5.6 In view of the decision of the Hon’ble High Court being of Jurisdictional High Court and in respect of the same share scrip in which the assessee has transacted, the ratio of other decisions of the Tribunal and other high courts relied upon by the assessee cannot be applied over the facts of the instant case.
5.7 In view of the above facts and circumstances, the short-term capital loss claimed by the assessee is not found to be genuine and deserve to be disallowed. The relevant grounds of the appeal of the assessee are accordingly dismissed.
6. The next issue which has been raised by the assessee that no addition could have been made under section 68 of the Act in the case of the assessee. According to the assessee, the case of the assessee is of cash debit and not of cash credit, hence provisions of section 68 are not attracted. We find that the Ld. CIT(A) has rejected this contention of the assessee. We agree with the contention of the asseesee that addition for short term capital loss cannot be made under section 68 of the Act, because addition has not been made for unexplained credit on sale of the shares during the year but in respect of the claim of bogus short capital loss. In the case of the assessee, correct action would be disallowance of claim of the short capital loss of the assessee.
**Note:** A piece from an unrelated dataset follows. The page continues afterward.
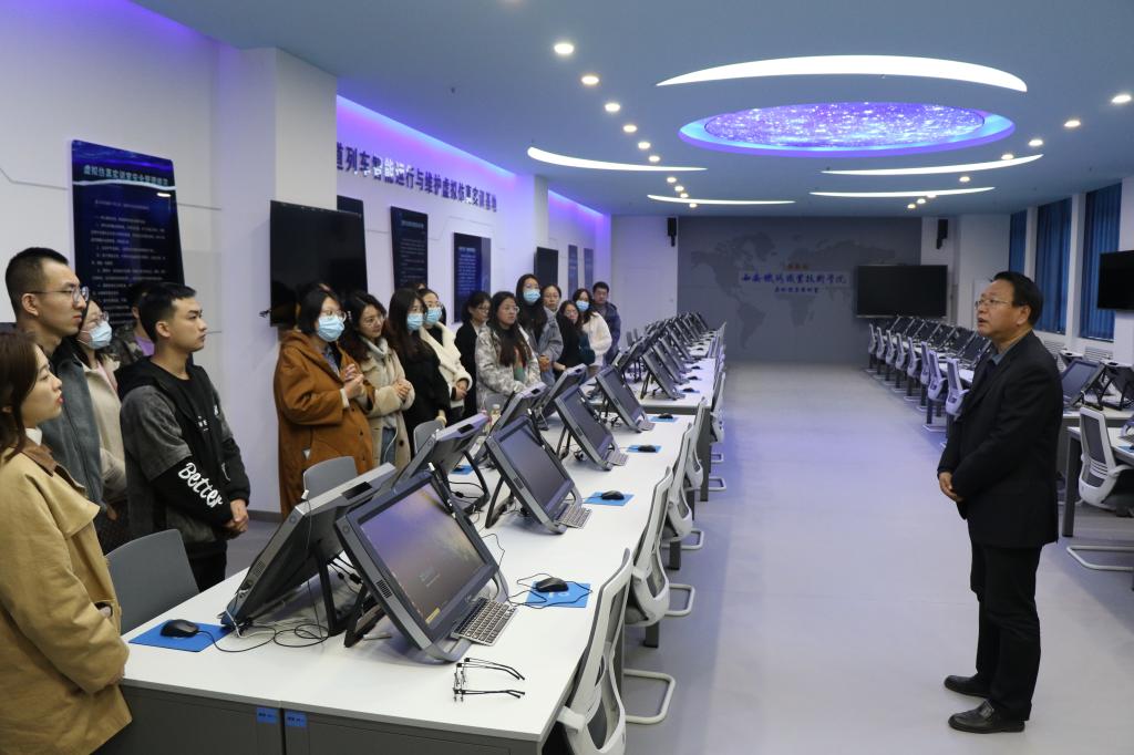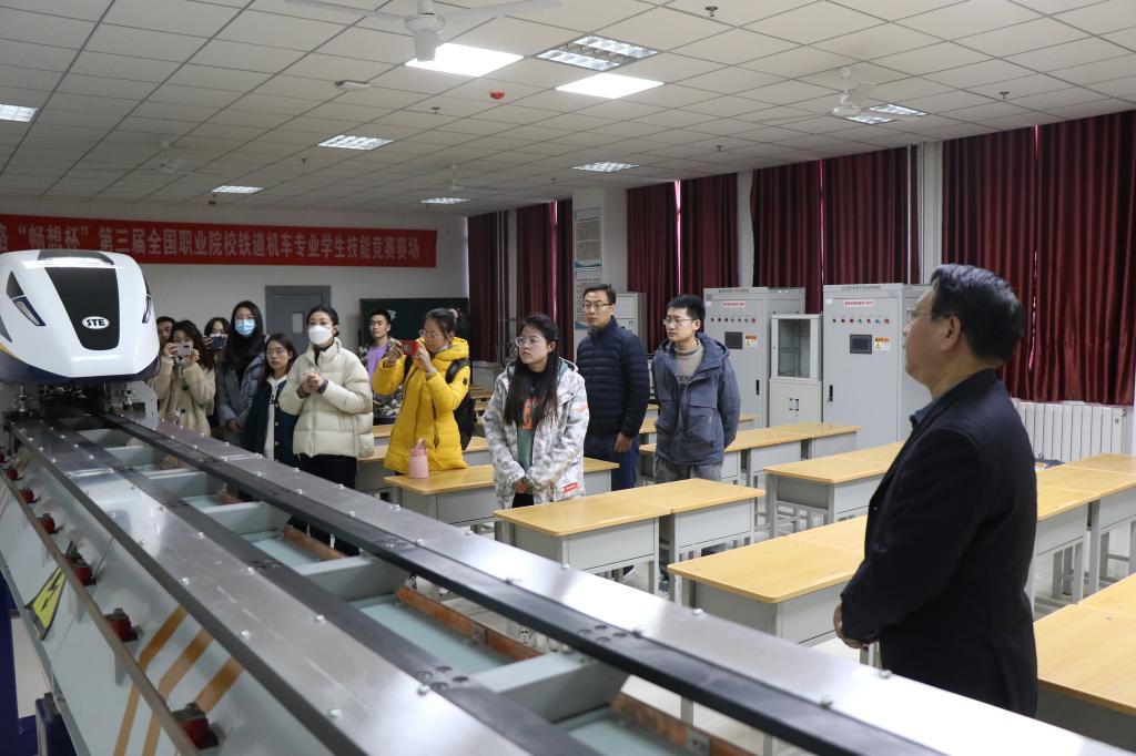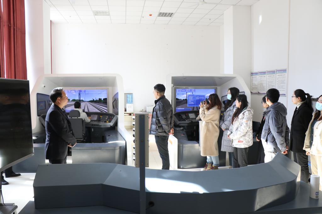 23名新教师在李益民的带领下分别参观了CR400BF型复兴号动车组模拟驾驶实训室、HXD3D型大功率交流传动电力机车整车装备实训室、转向架演练场、制动机实训演练场、磁悬浮列车实训室、HXD3C型大功率交流传动电力机车一次乘务作业实训中心、CR38080AL型动车组驾驶暨牵引传动实训中心、地铁列车模拟驾驶室、国家级轨道交通职业教育虚拟仿真基地等实验实训中心,让新加入的教师近距离感受牵引动力学院的实验实训设备和实践教学条件。

However, in our opinion, mentioning wrong section in the assessment order cannot render the entire assessment null and void. It is not the jurisdictional requirement for completing the assessment. The Assessing Officer has correctly acquired the jurisdiction over the case and only mistake is under which section the addition should be made.
6.1 In view of the law pronounced in the L. Hazari Mal Kuthiala vs. ITO (1961) 41 ITR 12 (SC), ITO vs. Seghu Buchiah Setty (1964) 52 ITR 538 (SC) : TC52R.1343 and P.M. Bharucha & Co. vs. ITO (1969) 74 ITR 513 (Guj), it is well settled that where the power to proceed is actually there, the mere reference to a wrong section for authority to act, will not vitiate the action taken. The Honble HIGH COURT OF DELHI in the case of IMPERIAL BOX & CARTON MAKERS VS. COMMISSIONER OF INCOME TAX, reported in (1991) 97 CTR 0122 also upheld that mere mentioning of wrong section cacnot invalidate the penalty levied. The relevant finding of the Hon’ble High Couty is reproduced as under:
“2. The question involved is with regard to levy of penalty. In the order passed by the Tribunal under s. 256(1), it has been observed as under :
“8. Question Nos. 1 and 2 as framed, were discussed in detail by the Tribunal in para 7 while deciding the appeal. The Tribunal pointed out that at the time of completing assessment the ITO initiated penalty proceedings under s. 271(1)(c)_ of the Act, 1961. Simply because the ITO in the body of the order mentioned a wrong section, it will not invalidate the order. Commissioner (A) has clearly held that Explanation to s. 271(1)(c) was attracted in the present cases. Before the learned Commissioner(A) no such plea was taken that the ITO applied wrong provision for imposing penalty. Moreover the Tribunal after hearing the assessee and considering the material on record came to the finding of fact that provision of s. 271(1)(c) were attracted. Even according to the assessee in the present case Explanation to s. 271(1)(c) is attracted. That provision was interpreted by the Tribunal after appreciating the facts. Thus no question of law would arise on these points.
6.2 In view of the above, we reject the contention of the asssessee to nullify the order due to wrong application of section by the Assessing Officer while rejecting the claim of the short term capital gain. The grounds of the appeal are accordingly dismissed.
7. In the result, the appeal of the assessee is dissmissed.
Order is pronounced in the open court on 7th January, 2020.